Routinely 60-80% of new cases under 45 years old, with 25% under 25 years old.

That's excellent in one sense and worrying in another.
It's great in that younger people are typically infecting other younger people. We managed to largely ringfence infection away from older people, who are very vulnerable.

It's bad in the sense if we lose sight of the virus through sheer numbers, old people will start to get it.
From looking at the picture in Europe, too many outbreaks fall under one of these headings:

-Alcohol related
-Meat Plant/Construction Site
-Migrant workers

Those work settings are exceptionally hard to protect but DP and house parties we should be able to stay on top of.
The things we can do to arrest the slide are the same things we did to contain it so well to begin with.

-Wash hands regularly
-Steer clear of others
-Wear masks
-No bolloxology with 100 people at a house party

Redouble efforts on those 4 measures.
The real time trends are stable near 44 cases, which is not what we want.

Last 48 hours:

Tests: 7,087
Positives: 82
Negativity: 98.9%

That's the first 48 hour period of a negativity under 99% since the first week of June.

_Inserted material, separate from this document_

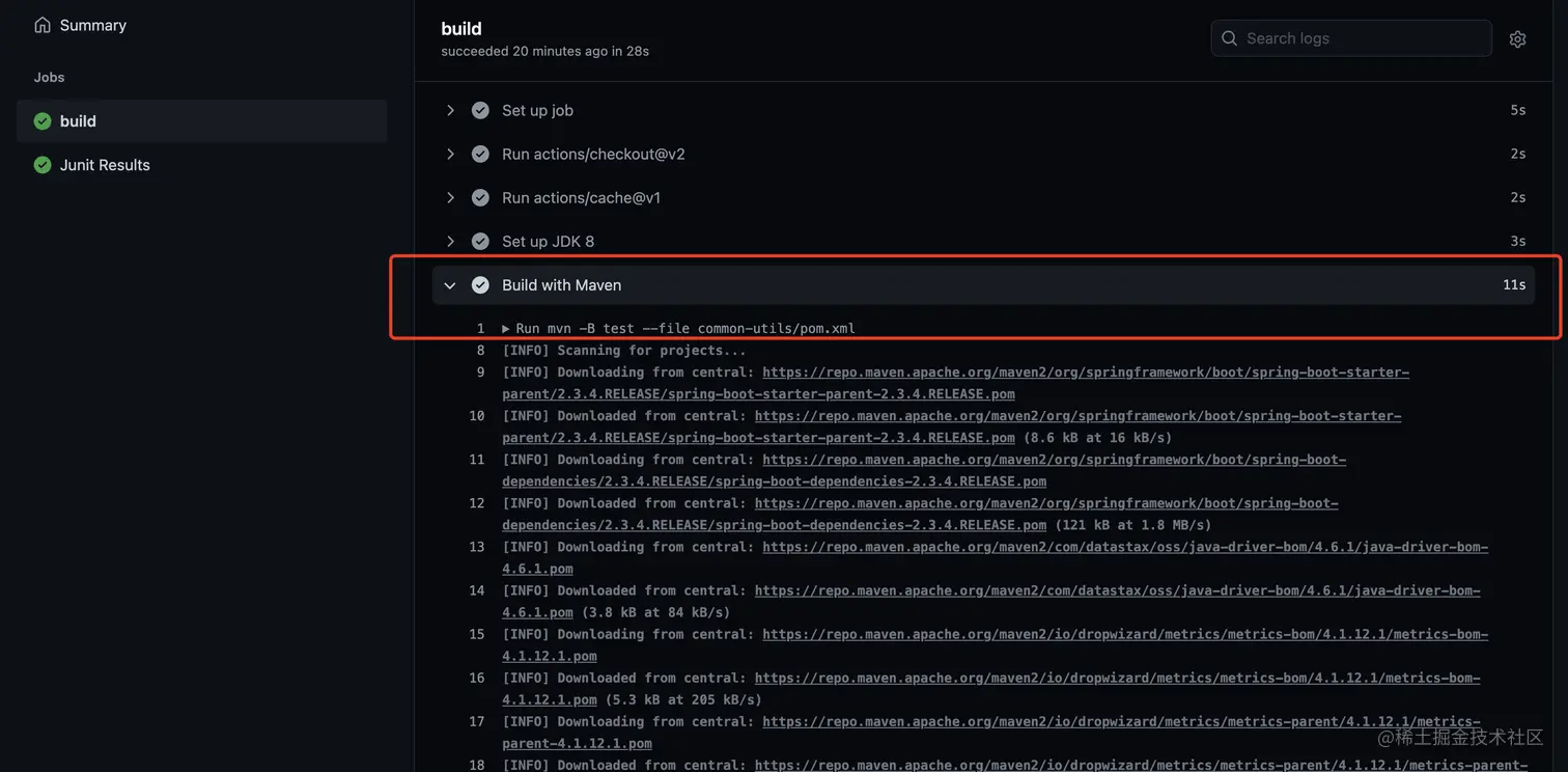 点开Maven的构建日志,可以看到我们第一次跑action,所有的依赖还是即时下载的:

Part of that is a denominator issue.
The last 48 hours were also the lowest amount of Fri/Sat tests completed since the 2nd week in June.

Therein lies another issue, being replicated throughout Europe, and one we can definitely fix:

People are ignoring symptoms and not getting tested.
There's a largely correct assumption if you're young with a cough, fever, sniffles that you're highly likely to be grand.

But you can still pay for that assumption with your life.

Get tested. It means you can get help quickly if needed and you also help prevent onward spread.
Many people have underlying conditions and don't even know it. Obesity, high blood pressure, diabetes are all under-diagnosed and greatly increase your risk of negative consequences from Covid19.

The famed Irish "Sure I'll be grand" attitude has limitations.

Get a test.
We're still doing excellently overall in Ireland but the same comments applied to Bosnia a month ago.

Since then, they've had more cases and deaths in the month of July than they had in the entire pandemic Feb-June.

When things slip, it's not easy to halt momentum of infection.
We have a solid chance this week to stop the slide and all it involves is a redoubling of efforts on all the basic measures.

Our infection levels are still low.

Each of us do our part to keep them that way and we'll be ok.